Perhaps this should be part of the interview process of senior positions in the financial services sector in the future, lets face it, it would not do worse than we currently have! I would love to see Fred or Adam get the "You're fired!" statement from Sir Alan.
Markets have moved in an upward motion in the last few days and the question is whether this is a false start or the beginning of a recovery. Ben Bernanke, chairman of the US Federal Reserve, this week commented that he could see the first green shoots of recovery and that the US may begin to get out of trouble towards the end of this year.
Now while many are regarding that as simply too optimistic, the US will, inevitably, recover first. As they always say, the US sneezes, the world catches a cold.
On that basis, it takes less time to get over a sneeze compared to a cold. So will the UK begin to see a recovery? Well, more learned people than I got the crash wrong so I hesitate to answer the question.
What I would say is that a glimmer of confidence is beginning to return. It is not much and if they get their property valued, look at their share portfolio or read a pension statement, it will evaporate very quickly, but people are looking at long term recovery.
The job losses, which were almost non-stop news articles on business websites, have been replaced by more mundane topics such as Ofcom investigating mis-selling.
The mood in the office, my office and probably any office, is that the worst might be over. Yes, there will be further job losses in the financial services sector but possibly, they are not as close to home as previously.
Many people are now focussing on the tax year end and the 'ISA season'. Just as retailers pay homage to the Christmas period, stockbrokers, fundsupermarkets, fund managers and banks, look to the ISA season and the barrage of £7,200 cheques that (we hope) head through the door.
The two events come close together and for many, heads will be down working hard. There is just a hope that when you raise your head at the end of it all, you are still in an office and not staring at a wall in your home with no job to go to.
Laura (not her real name) works for a commercial bank in London.
To be honest, we're all getting pretty bored with the negative coverage of the banking sector now.
The people who have any influence on the sector probably number about 50, so burying the rest of us in a deluge of ever changing reporting, analysis and form ticking is nothing but soul destroying white noise.
If the LIBOR rate is rendering your income sheet a page of red numbers what is the point?
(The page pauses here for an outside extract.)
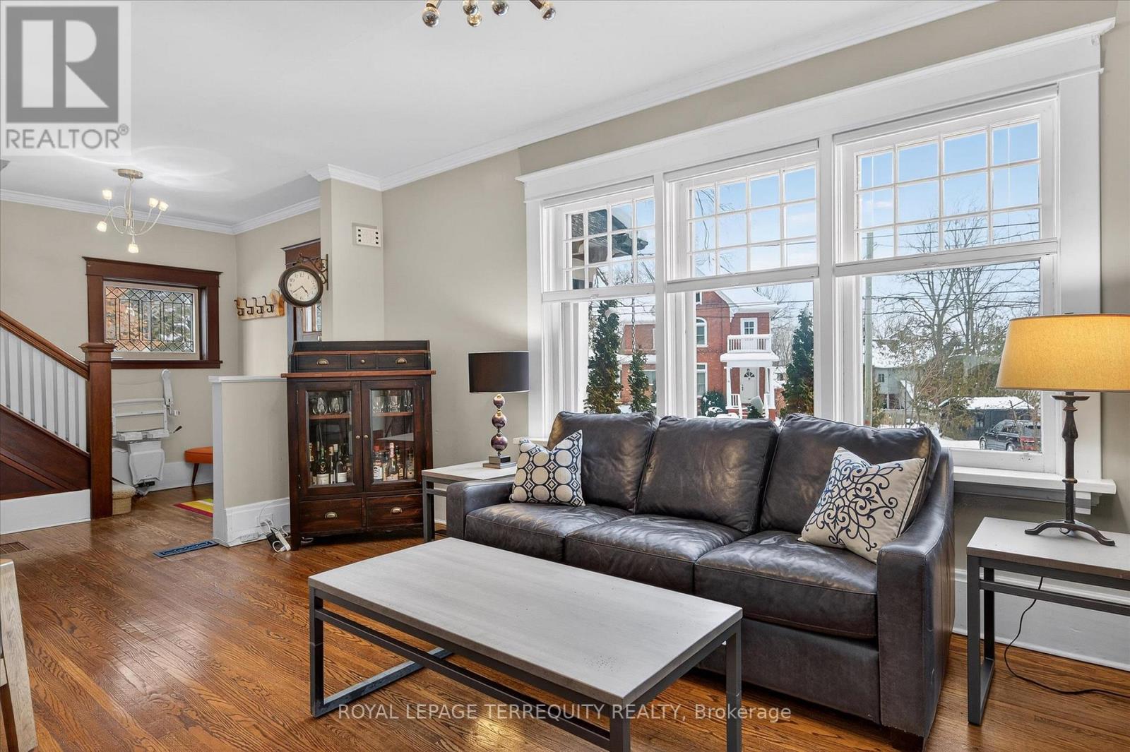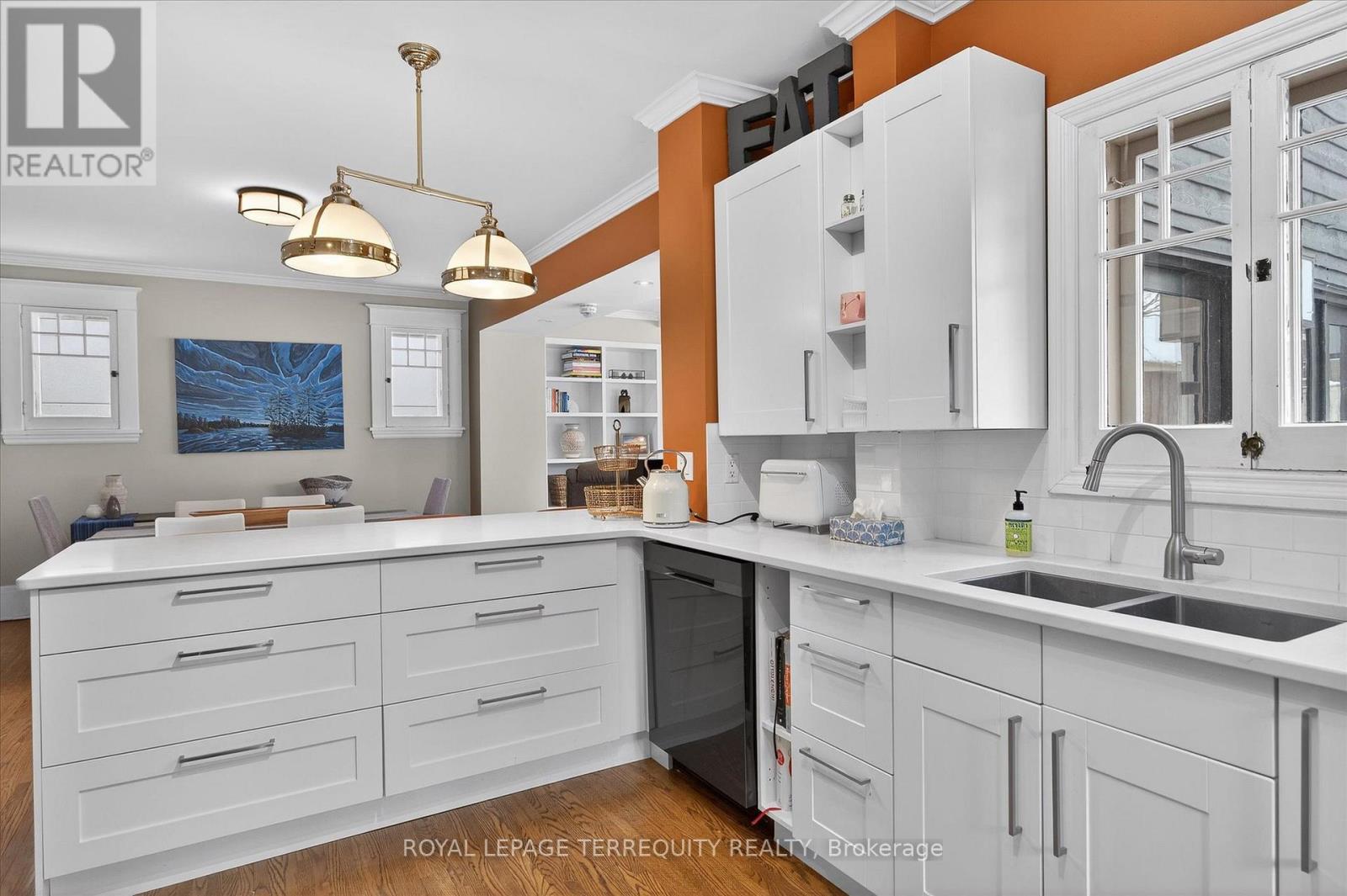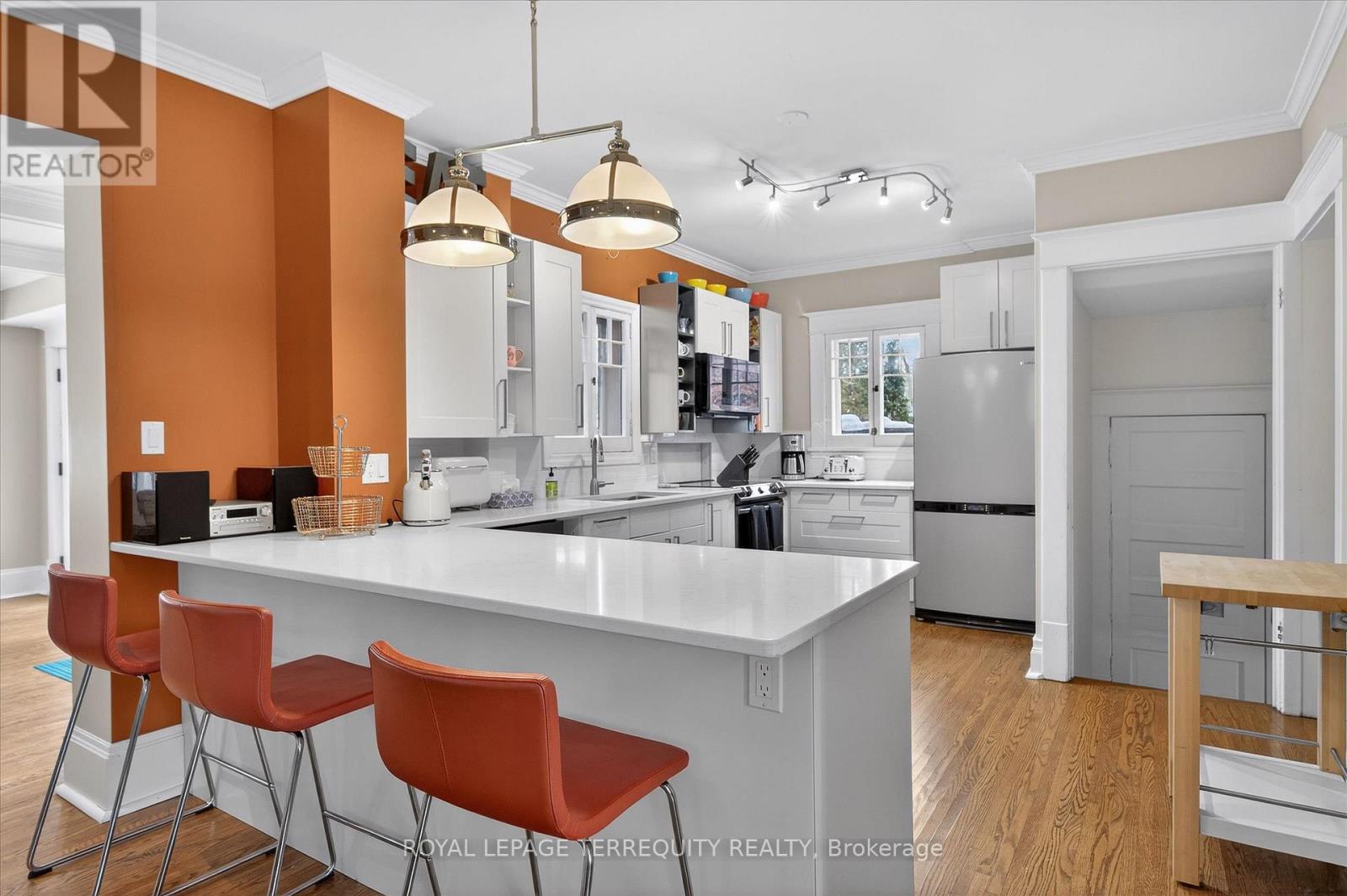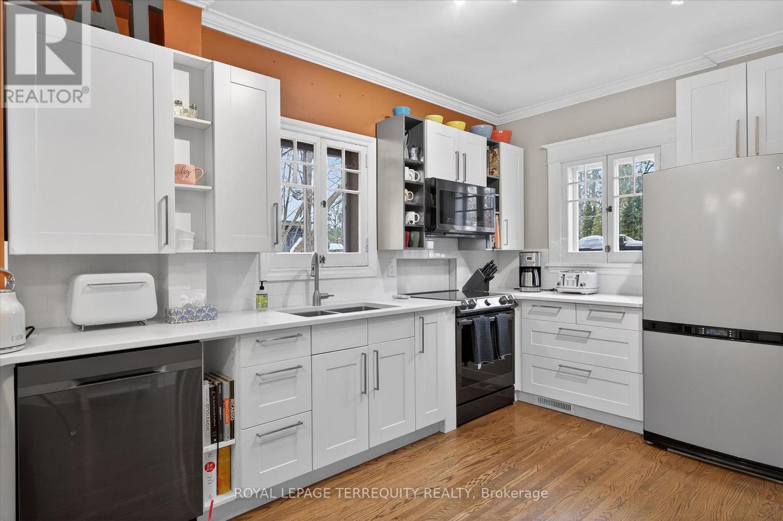 Welcome to this beautiful inviting character home, perfectly situated on a quiet, tree-lined street in the highly sought-after Teachers College neighbourhood of Peterborough. This prime location offers the rare combination of peaceful residential living with the convenience of being able to walk, bus or drive just minutes to downtown amenities. This spacious four-bedroom, three-bathroom home, plus a main floor powder room, blends timeless charm with thoughtful modern updates. The large living room features a wood-burning fireplace, creating a warm welcoming space for relaxing evenings. From here, the home flows seamlessly into an open-concept kitchen, dining and living area, ideal for entertaining family and friends. A standout feature is the 2-storey addition completed in 2015, designed to enhance both comfort and connection to the outdoors. The expansive family room boasts coffered ceilings, built-in cabinetry and shelving, large windows and two walk-out doors leading to a generous patio deck with wide views of the rear property. The home also offers wheel-chair accessibility through the rear entrance and deck adding versatility and thoughtful design. Hardwood flooring extends throughout the home.The primary bedroom retreat offers a spacious walk-in closet and four-piece ensuite bathroom. Enjoy the exceptional lifestyle with the Rotary Trail, Parks, biking paths, and river just steps away. A short walk brings you to downtown Peterborough's restaurants, shopping, hockey and sports facilities. ** This is a linked property.** (id:64974)

If a bounced cheque renders an entire facility immediately in the bad debt provision sin bin what scope have we got to help clients through the recession?
To be honest, we're all getting pretty bored with the negative coverage of the sector.
With all the pundits and Government talk of getting banks lending again the response from the office goes something like "your initiatives are for your own benefit not ours, so just shut up and let us get on with it".
The number of enquiries we are having is up on this time last year as companies contact us with the opening line of "I heard from someone you are still open for business, can we move our banking?"
The reality is the hurdles to pass as a good lending prospect are much higher to the point where you virtually have to need no borrowing to be offered any. The quick among you might realise that this is perverse but, on the flip side, there are a bunch of companies borrowing relatively cheap money to wipe out weaker rivals through acquisition or investment.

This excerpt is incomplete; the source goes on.